● What you should do
From the listing that follows, reproduce only the lines from the one holding "CrowdKue™ replaces the" through the one holding "培训内容主要包括电梯限速器安", both included, with no pictures.

● Data listing
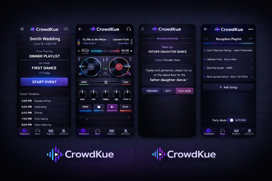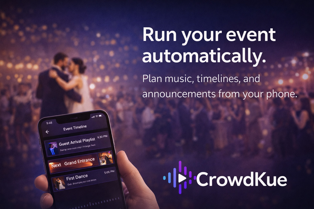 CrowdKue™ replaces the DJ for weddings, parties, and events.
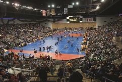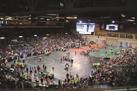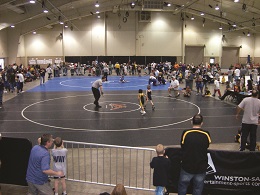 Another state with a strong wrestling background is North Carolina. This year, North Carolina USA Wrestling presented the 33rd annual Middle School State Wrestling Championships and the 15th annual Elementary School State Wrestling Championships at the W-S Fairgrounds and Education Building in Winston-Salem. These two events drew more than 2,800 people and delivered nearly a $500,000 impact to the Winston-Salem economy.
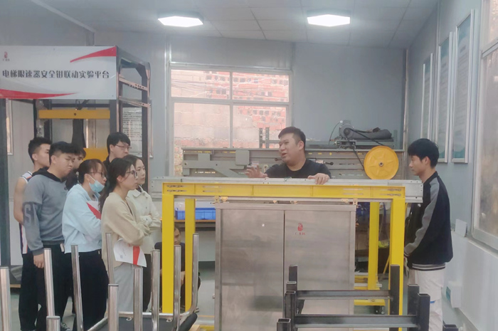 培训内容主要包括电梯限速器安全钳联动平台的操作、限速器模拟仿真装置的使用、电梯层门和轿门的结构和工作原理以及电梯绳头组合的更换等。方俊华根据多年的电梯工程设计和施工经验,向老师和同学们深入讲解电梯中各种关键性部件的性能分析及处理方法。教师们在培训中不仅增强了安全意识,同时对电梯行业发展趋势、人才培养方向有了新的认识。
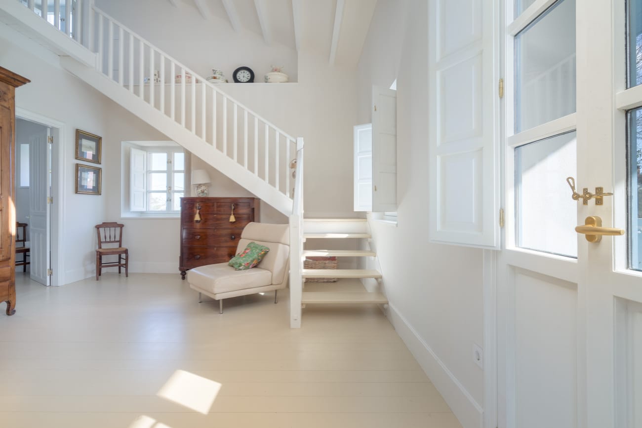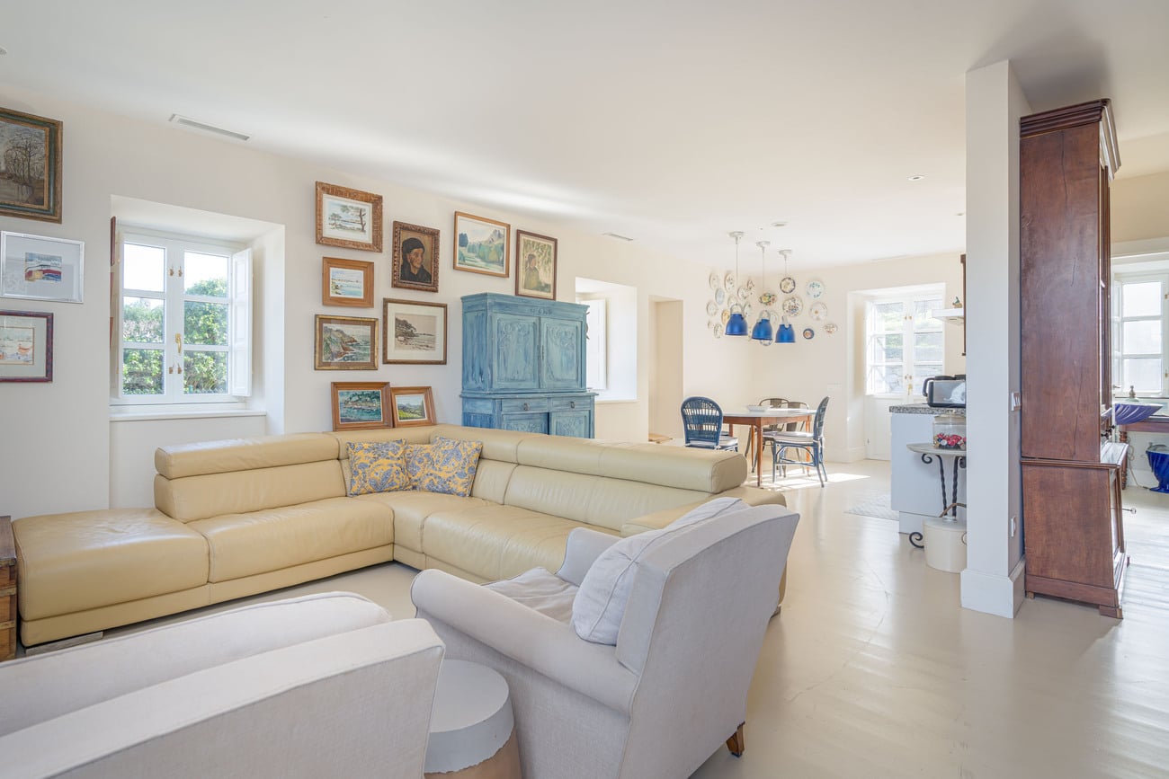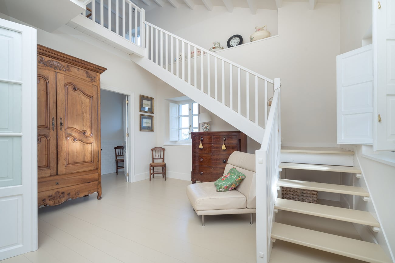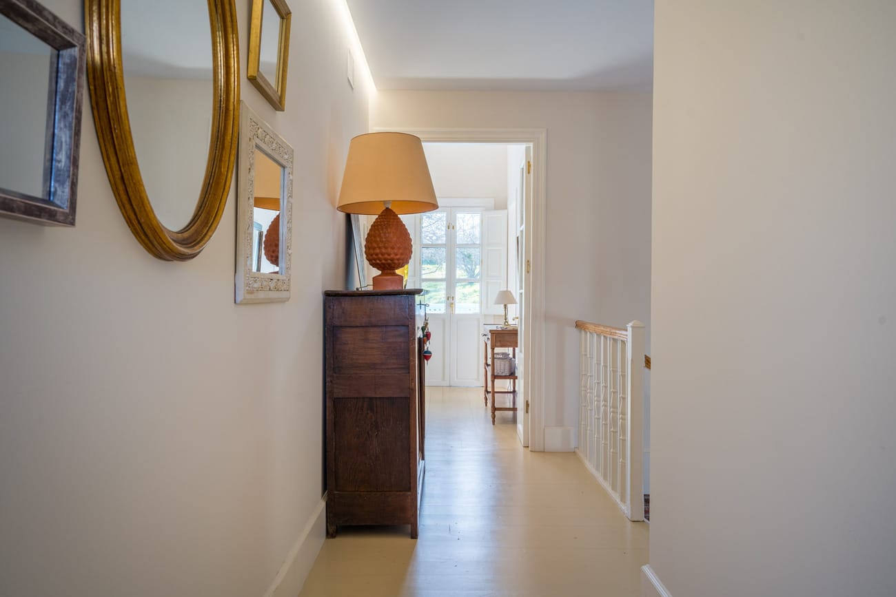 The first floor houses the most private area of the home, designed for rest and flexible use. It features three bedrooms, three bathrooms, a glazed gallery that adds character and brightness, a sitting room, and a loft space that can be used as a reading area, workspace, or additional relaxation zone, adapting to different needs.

...

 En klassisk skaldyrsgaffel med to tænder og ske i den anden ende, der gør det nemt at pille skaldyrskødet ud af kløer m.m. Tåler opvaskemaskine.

==

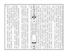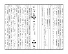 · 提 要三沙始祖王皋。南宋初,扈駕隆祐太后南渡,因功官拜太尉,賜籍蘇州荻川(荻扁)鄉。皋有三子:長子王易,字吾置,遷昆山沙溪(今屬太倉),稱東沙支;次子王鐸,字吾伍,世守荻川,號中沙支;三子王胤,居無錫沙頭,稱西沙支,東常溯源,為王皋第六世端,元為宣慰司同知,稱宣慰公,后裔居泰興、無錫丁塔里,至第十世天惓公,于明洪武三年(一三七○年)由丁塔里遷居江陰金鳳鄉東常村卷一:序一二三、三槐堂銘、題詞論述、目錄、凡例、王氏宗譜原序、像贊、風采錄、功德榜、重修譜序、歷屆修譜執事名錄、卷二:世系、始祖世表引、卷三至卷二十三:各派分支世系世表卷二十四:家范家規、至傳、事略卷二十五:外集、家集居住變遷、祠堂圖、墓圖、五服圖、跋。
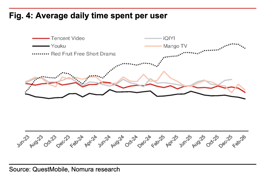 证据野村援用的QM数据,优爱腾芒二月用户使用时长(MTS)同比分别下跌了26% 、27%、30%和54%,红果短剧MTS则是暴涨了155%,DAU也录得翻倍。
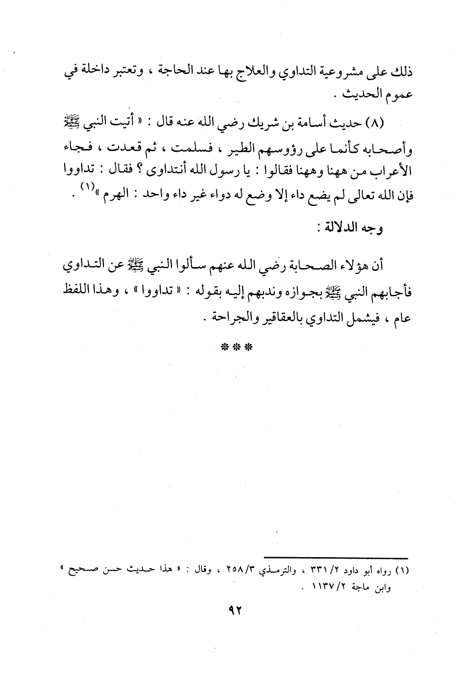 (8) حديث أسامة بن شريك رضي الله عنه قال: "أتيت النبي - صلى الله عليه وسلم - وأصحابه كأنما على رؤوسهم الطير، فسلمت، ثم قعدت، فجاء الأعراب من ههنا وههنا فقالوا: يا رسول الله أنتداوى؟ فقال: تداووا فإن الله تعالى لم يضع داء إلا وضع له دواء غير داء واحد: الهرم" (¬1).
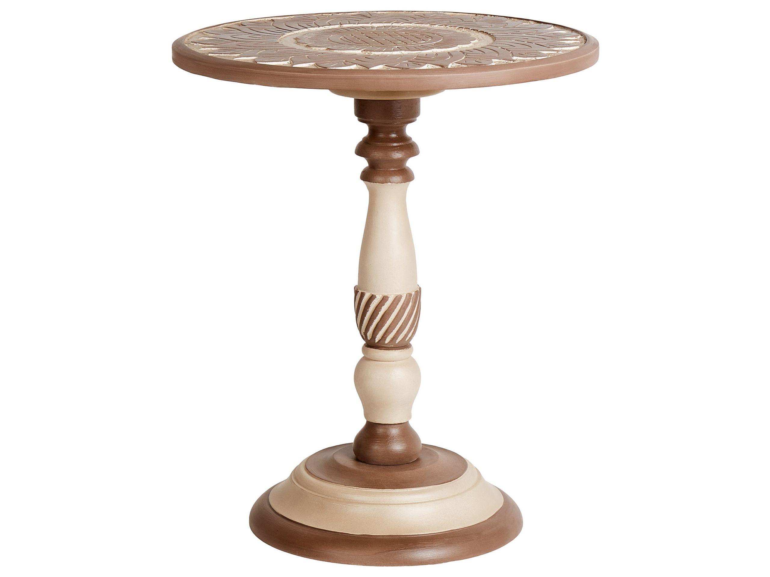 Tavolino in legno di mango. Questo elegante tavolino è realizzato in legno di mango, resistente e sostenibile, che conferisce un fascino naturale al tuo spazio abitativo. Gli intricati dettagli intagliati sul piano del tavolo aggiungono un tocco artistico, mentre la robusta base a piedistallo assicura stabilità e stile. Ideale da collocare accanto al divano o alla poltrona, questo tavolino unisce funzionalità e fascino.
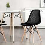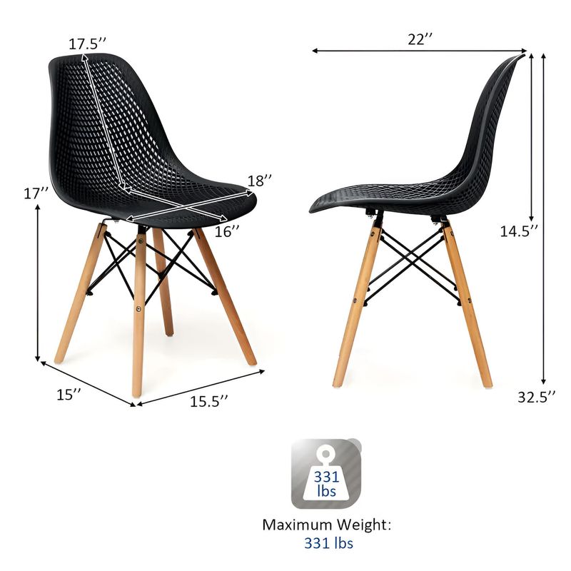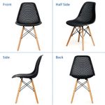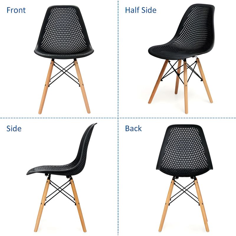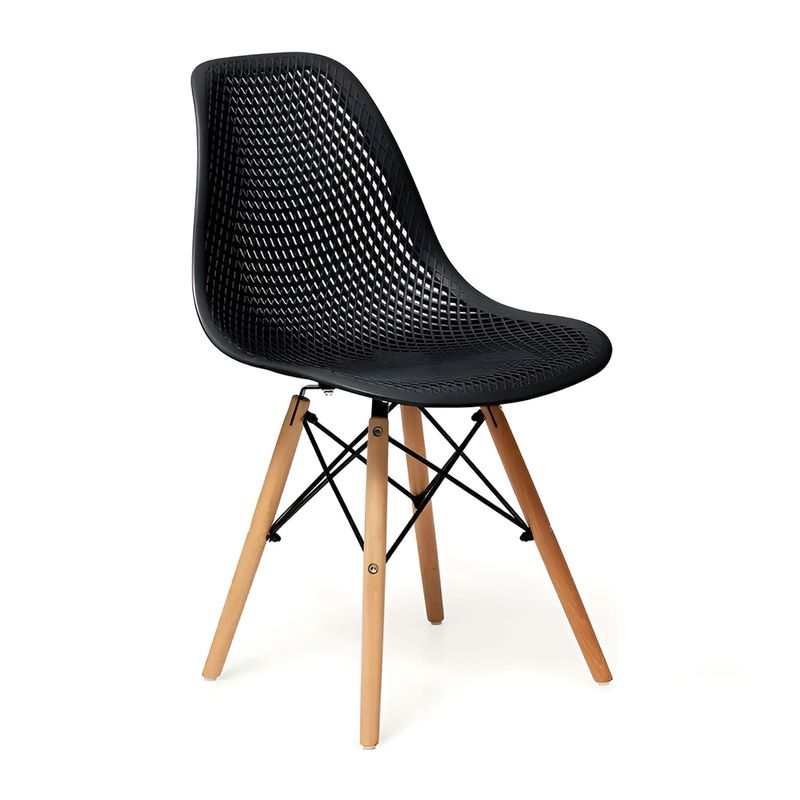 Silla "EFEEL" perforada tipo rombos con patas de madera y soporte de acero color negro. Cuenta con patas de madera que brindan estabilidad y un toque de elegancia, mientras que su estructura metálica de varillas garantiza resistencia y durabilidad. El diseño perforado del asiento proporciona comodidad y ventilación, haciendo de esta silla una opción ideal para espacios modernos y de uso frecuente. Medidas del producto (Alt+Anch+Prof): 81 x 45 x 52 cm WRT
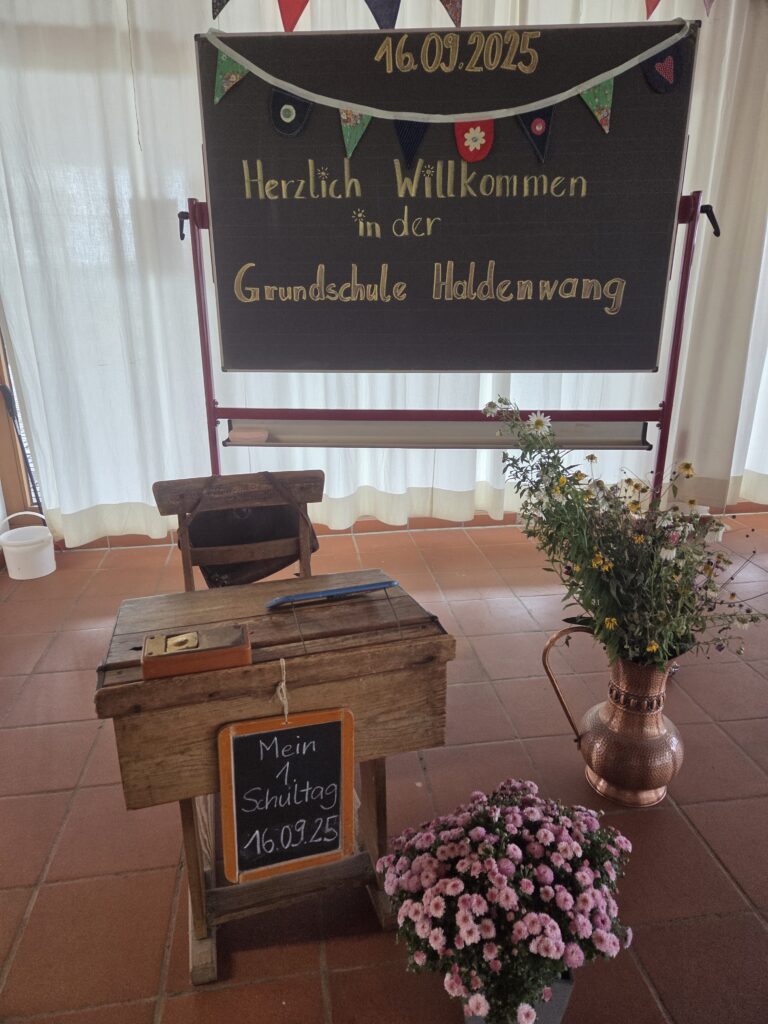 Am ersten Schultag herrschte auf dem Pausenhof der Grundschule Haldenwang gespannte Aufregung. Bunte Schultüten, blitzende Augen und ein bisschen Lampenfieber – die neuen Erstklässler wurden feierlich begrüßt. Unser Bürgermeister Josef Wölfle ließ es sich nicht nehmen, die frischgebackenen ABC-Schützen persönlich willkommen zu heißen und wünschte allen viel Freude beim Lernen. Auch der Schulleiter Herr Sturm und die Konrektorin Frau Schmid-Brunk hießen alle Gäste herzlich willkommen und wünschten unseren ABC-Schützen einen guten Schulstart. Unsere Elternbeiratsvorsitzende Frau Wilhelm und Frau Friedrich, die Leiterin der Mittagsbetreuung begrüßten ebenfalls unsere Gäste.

● Completed exercise
 CrowdKue™ replaces the DJ for weddings, parties, and events.
 Another state with a strong wrestling background is North Carolina. This year, North Carolina USA Wrestling presented the 33rd annual Middle School State Wrestling Championships and the 15th annual Elementary School State Wrestling Championships at the W-S Fairgrounds and Education Building in Winston-Salem. These two events drew more than 2,800 people and delivered nearly a $500,000 impact to the Winston-Salem economy.
 培训内容主要包括电梯限速器安全钳联动平台的操作、限速器模拟仿真装置的使用、电梯层门和轿门的结构和工作原理以及电梯绳头组合的更换等。方俊华根据多年的电梯工程设计和施工经验,向老师和同学们深入讲解电梯中各种关键性部件的性能分析及处理方法。教师们在培训中不仅增强了安全意识,同时对电梯行业发展趋势、人才培养方向有了新的认识。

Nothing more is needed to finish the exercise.